Confounding the Forecasts for Bordeaux 2011(2)
On the Left Bank, most of my favorites were from the Pauillac and Saint-Julien appellations; there, chateaus like Gruaud-Larose, Pichon-Longueville and Pichon-Longueville Comtesse de Lalande made fresh, elegant wines, marked by the purity of the blackberry and black currant fruit flavors.
Elsewhere on the Left Bank, the reds seemed less consistent, especially in Saint-Estèphe, just north of Pauillac, and in Pessac-Léognan, south of Bordeaux. Yet Haut-Bailly came through with an excellent Pessac-Léognan, as it often seems to in difficult years.
On the Right Bank, there were good wines from Pomerol, though here and in Saint-Émilion, I think the contrast with 2009 and 2010 is more marked than on the other side of the river.

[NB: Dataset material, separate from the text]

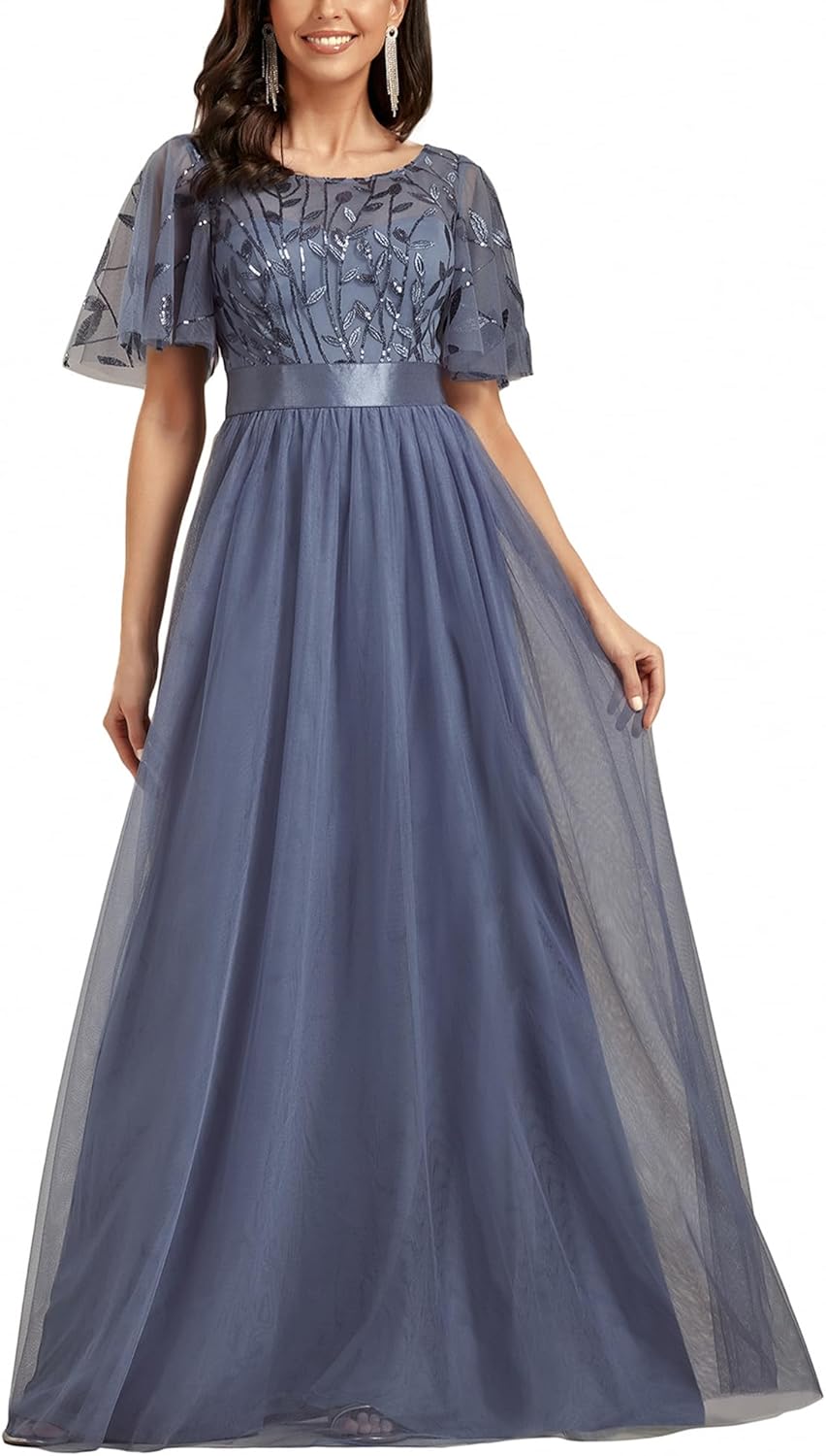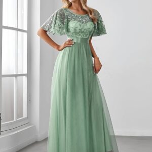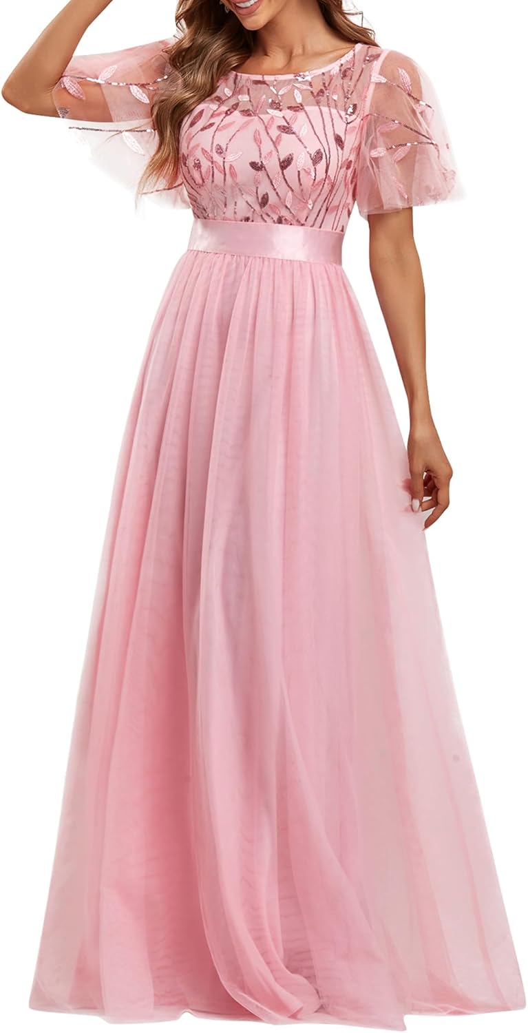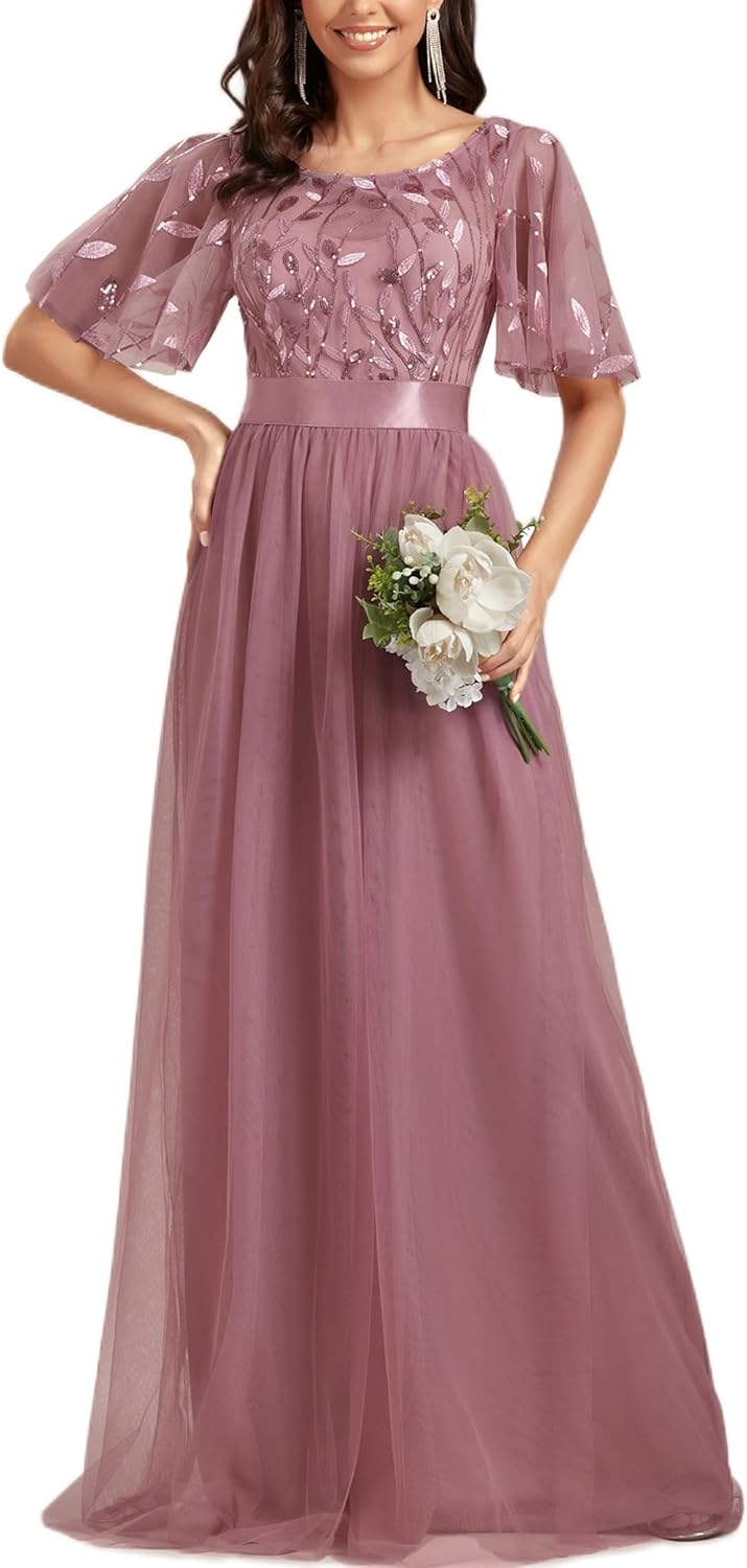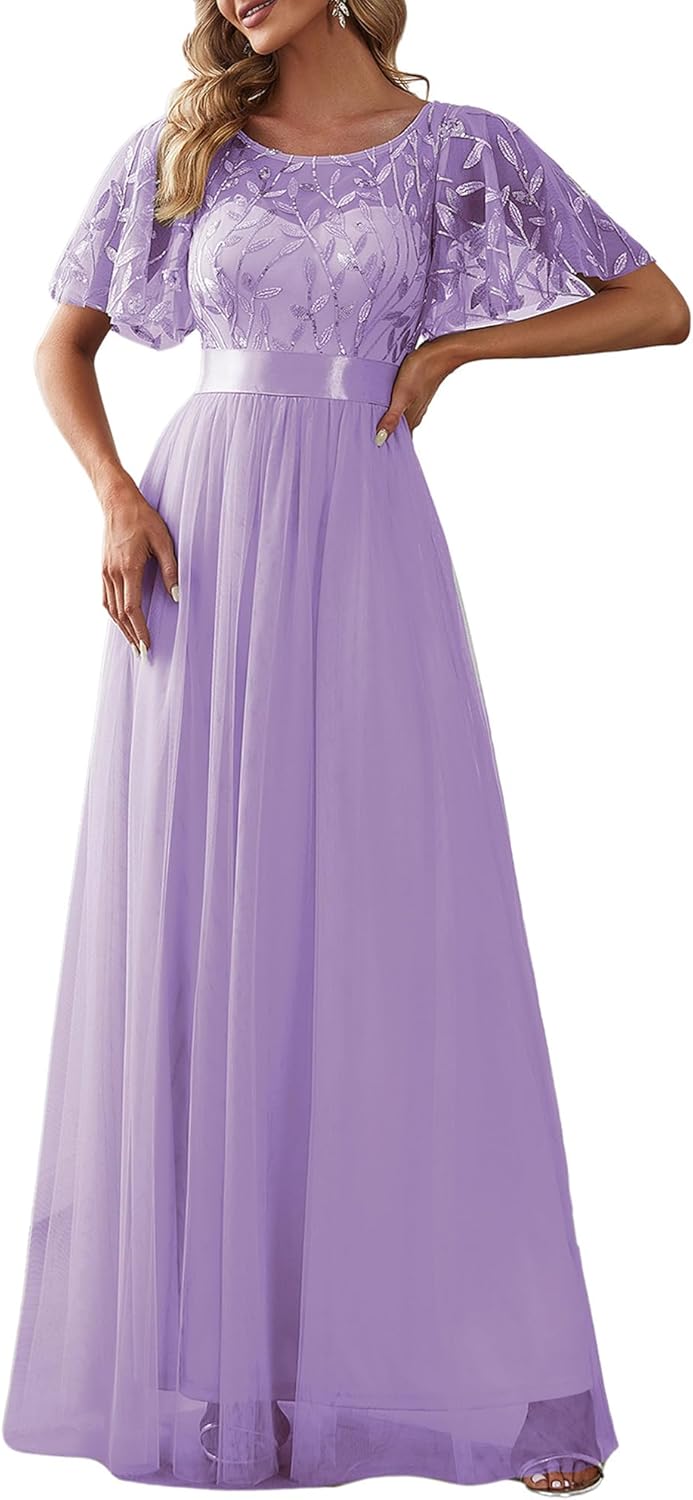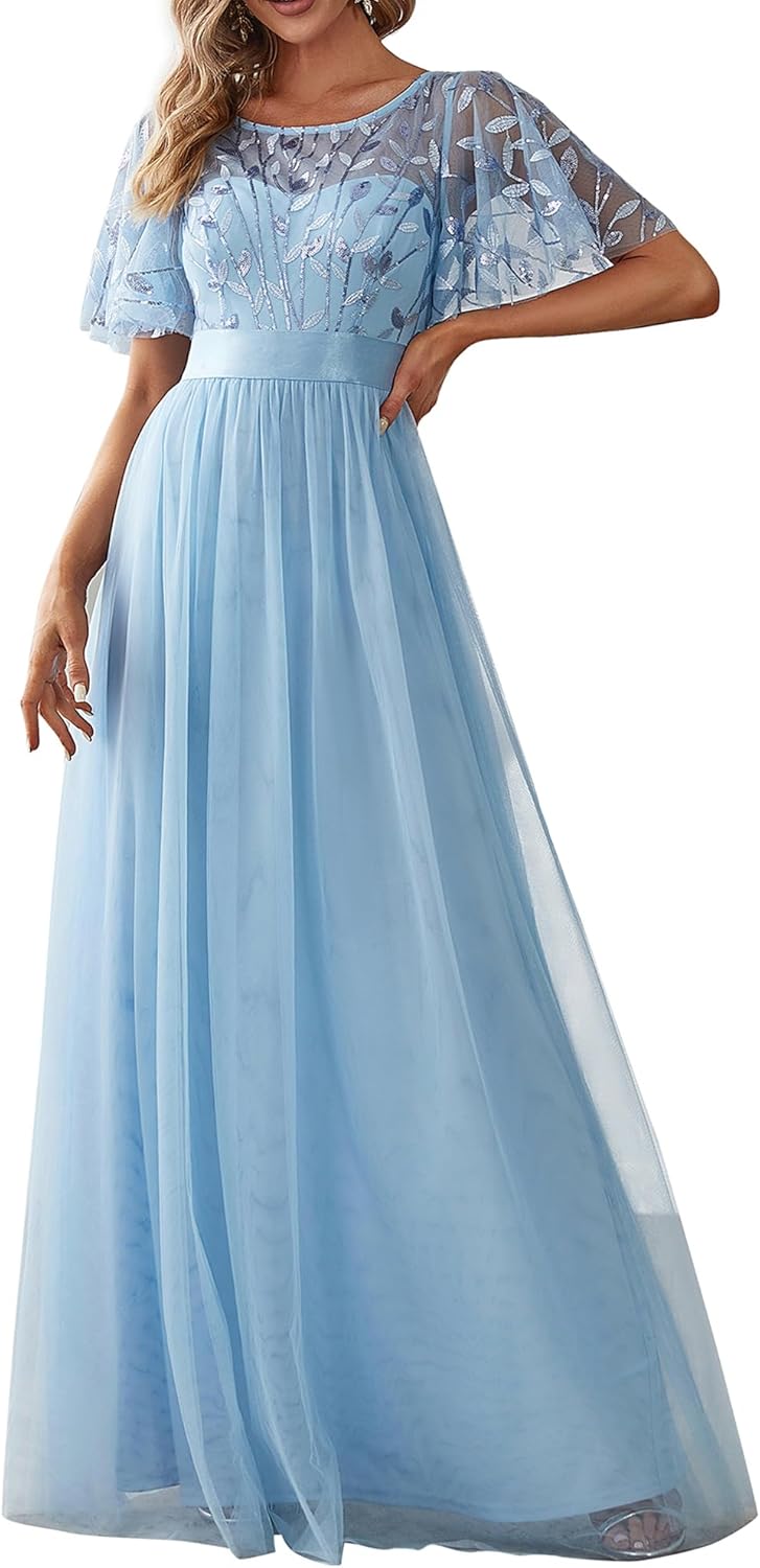 Ever-Pretty Women’s Formal Dresses Crew Neck Sequin Ruffle Sleeve Empire Waist Beaded Long Evening Dresses 00904

While swirling and spitting, I chatted with Paolo Baracchino, one of the best-known Italian wine critics, who has been coming to Bordeaux for years for en primeur week.
“The 2011 red wines are deceptive,” he said. “They start out silky. They have fresh fruit and are nicely balanced. But the finish is often quite harsh.”
Some chateaus would have done better, he felt, if they had not tried so hard for a repeat of their amply endowed 2009s or 2010s. Indeed, I wonder whether the fruit or the tannins — dry substances that give red Bordeaux its structure but also its youthful astringency — will ultimately win the tug of war in the 2011s.
I have no such concerns about the potential of the whites. Both the dry whites of Pessac-Léognan and the sweet wines of the Sauternes and Barsac appellations are very promising.
While the cool, damp summer created problems for the red grapes, it was good for the whites, giving them the high acidity that provides freshness. Unlike some whites from cool summers, however, these wines are densely structured and intensely flavored.
In Pessac-Léognan, Domaine de Chevalier showed a white 2011 that already tasted like a complete wine, even at this early stage. The dry whites of several other chateaux, like Larrivet Haut-Brion, Pape-Clément, Fieuzal and Smith-Haut-Lafitte, were not far behind.
The sweet 2011s from Sauternes and Barsac might be even better. One chateau after another displayed wines with perfect botrytis — that is, the “noble rot” that gives these nectars their rich, complex textures and flavors.
“Such a vigorous burst of noble rot is rare,” Denis Dubourdieu, a winemaker and oenologist, wrote in a report on the 2011 vintage. “In 40 years of making wine in the region, I have only seen this phenomenon twice, in 2009 and 2011.”
There is also something nimble about the sweet 2011s, thanks to relatively high acidities. Although white Bordeaux — sweet and dry — is made primarily from the sauvignon blanc and semillon varieties, the 2011 Sauternes and Barsacs reminded me a bit of the great rieslings of Germany. Despite their ample sugar content, they were so fresh and racy — yes, so seemingly dry — that I sometimes almost forgot I was tasting sweet wines.
Some chateau owners in Sauternes and Barsac are calling 2011 the best vintage since 2001.
The question is whether anyone will notice. Sweet wines are out of fashion. The labels, and prices, attached to a Bordeaux vintage tend to reflect the quality of the reds.
Futures prices will start to trickle out of Bordeaux in the coming days. During en primeur week, the talk was that some top chateaus would cut their prices by 50 percent or so from those of the 2010 vintage. If that happens, some red 2011s might be worth buying en primeur, though I doubt that they will be a better value than certain older, overlooked vintages, like 2001 or 2004, whose wines are closer to maturity.
If you’d rather drink great wine than invest in it, then the 2011 whites, both dry and sweet, are the clear choice.